BookmarkSubscribeRSS Feed
☑ This topic is solved. Need further help from the community? Please sign in and ask a new question.
DerekD_WF
Obsidian | Level 7

I am trying to code a PROC SURVEYSELECT to create a stratified random sample that is reproduceable (same sample any time it is ran). I have the seed= option set but I think I am still missing something else required as I do not get the same results each time I run my script. I have my code below and am wondering do I need to use some variables in the CONTROL statement to sort my data to ensure the same selections within the strata each time?

 

I haven't done much previously with this PROC in the past other than some simple random sampling where the seed= option was enough to keep the sample the same. 

 

/* Get frequences for var1 x var2 strata */
proc freq data=work.pop_all noprint;
    table var1*var2 / out=work.pop_strata_1 ;
run;

/* determine strate ratios for input to surveyselect */
data work.pop_strata_2 error;
	set work.pop_strata_1;
	SAMPNUM = (PERCENT * 25000) / 100;
	_NSIZE_ = ROUND(SAMPNUM,1);
 	SAMPNUM=ROUND(SAMPNUM,.01);
	IF _NSIZE_ = 0 THEN OUTPUT ERROR;
	IF _NSIZE_ = 0 THEN DELETE;
	OUTPUT work.pop_strata_2;
run;

data work.pop_strata_3;
	set work.pop_strata_2;
 	keep var1 var2 _NSIZE_;
run;

proc sort data=work.pop_all;
    by var1 var2;
run;

proc sort data=work.pop_strata_3;
    by var1 var2;
run;

/* Create stratified sample of 25,000 accounts based on the 
	strata ratios in the population */
proc surveyselect data=work.pop_all seed=8092022 outseed
	out=work.samp(drop=SelectionProb SamplingWeight)
	sampsize=work.pop_strata_3;
	strata var1 var2;
	ID account company customer;
run;

/* Review the sample sizes output */
proc freq data=work.samp;
    tables var1 * var2;
run;
1 ACCEPTED SOLUTION

Accepted Solutions
Zard
SAS Employee

For a stratified random sample, you would not use the CONTROL statement. You do need to sort on your STRATA vars, as you have done. I agree with the previous reply, and the best practice for generating a reproducible sample is to save the sorted input data set and use it each time.

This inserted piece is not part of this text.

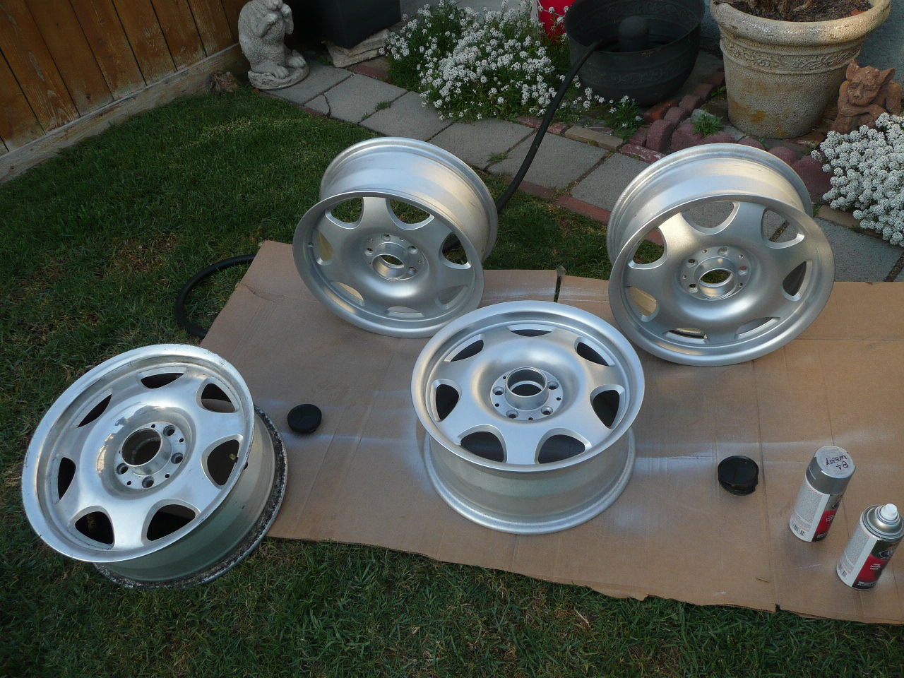 Also received some other 914 parts recently that I've only been able to store on the shelves. I finally finished sanding, cleaning and painting the 4th MBZ CLK forged alloy wheel on Monday. (I painted the other 3 wheels a year ago) (IMG:style_emoticons/default/blink.gif) Mounted and balanced a set of Yokahama Geolander (215/65-16) tires on them last night. (These are for 'Eileen', the Westy). I need to test fit them to see if I'll need wheel spacers (up front), then I can order longer lug bolts. I might need longer studs for the rears too (alloys are a little thicker than the stock steelies). Hoping to get some free time soon, so I can finish up with the hydraulic clutch release system in the 'BB', and prepping Dianne's car for the body/paint shop |

Also, you can use the ALLOC=PROP option in the STRATA statement and your code simplifies to:

 

proc sort data=pop_all;
  by var1 var2;
run;
proc surveyselect data=work.pop_all seed=8092022 outseed
    out=work.samp(drop=SelectionProb SamplingWeight)
    sampsize=25000;
  strata var1 var2/alloc=prop;
  ID account company customer;
run;

View solution in original post

8 REPLIES 8
ballardw
Super User

How sure are you that your work.dw_pop_all is IDENTICAL to the last time the Proc Surveyselect was run?

Or work.pop?

 

If there are any changes in those two I would not expect the same result.

 

When I have had this sort of requirement the data sets used for Proc Surveyselect are kept in a permanent library so the sets stay the same.  Then I just make sure the library is available and can regenerate the sample.

 

Note: running the code on a different version of SAS might result in different results as well.

DerekD_WF
Obsidian | Level 7
Yes, same code, same database tables, same environment.
DerekD_WF
Obsidian | Level 7
Realized when I was "cleaning up" some code for posting here I didn't get the dataset names all consistent. I corrected the code.
ballardw
Super User

One of the reasons I asked about how sure you are that sets are identical is the use of the WORK library. That means that a separate SAS session means a different SAS library, the new location work library, and sets can differ.

 

Sorting by two variables does not mean that the order of every other variable would be identical. So minor differences may be present that are not obvious from the code and therefore again not identical data from different runs.

 

If you start with the exact same DATA set with the same options and parameters and can prove the input data set is the same and get different selected values with the same SEED then you should contact Tech support so they can determine what is going on.

 

DerekD_WF
Obsidian | Level 7
That goes back to my original question - do I need to sort and/or use the CONTROL statement to ensure the rows within the pop_all dataset are in the same order every time? I do know that my initial population, pulled from a Teradata database into the work data set work.pop_all is the same each time. As indicated in the code shared above, I do sort on var1 var2 for the strata input dataset and the population dataset. But I do not sort on any of the other vars in the work.pop_all dataset.
Do I need to sort by additional variables to ensure same order within the dataset each time? Does the CONTROL statement in SURVEYSELECT accomplish the same thing without doing a separate PROC SORT?
ballardw
Super User

@DerekD_WF wrote:
That goes back to my original question - do I need to sort and/or use the CONTROL statement to ensure the rows within the pop_all dataset are in the same order every time? I do know that my initial population, pulled from a Teradata database into the work data set work.pop_all is the same each time. As indicated in the code shared above, I do sort on var1 var2 for the strata input dataset and the population dataset. But I do not sort on any of the other vars in the work.pop_all dataset.
Do I need to sort by additional variables to ensure same order within the dataset each time? Does the CONTROL statement in SURVEYSELECT accomplish the same thing without doing a separate PROC SORT?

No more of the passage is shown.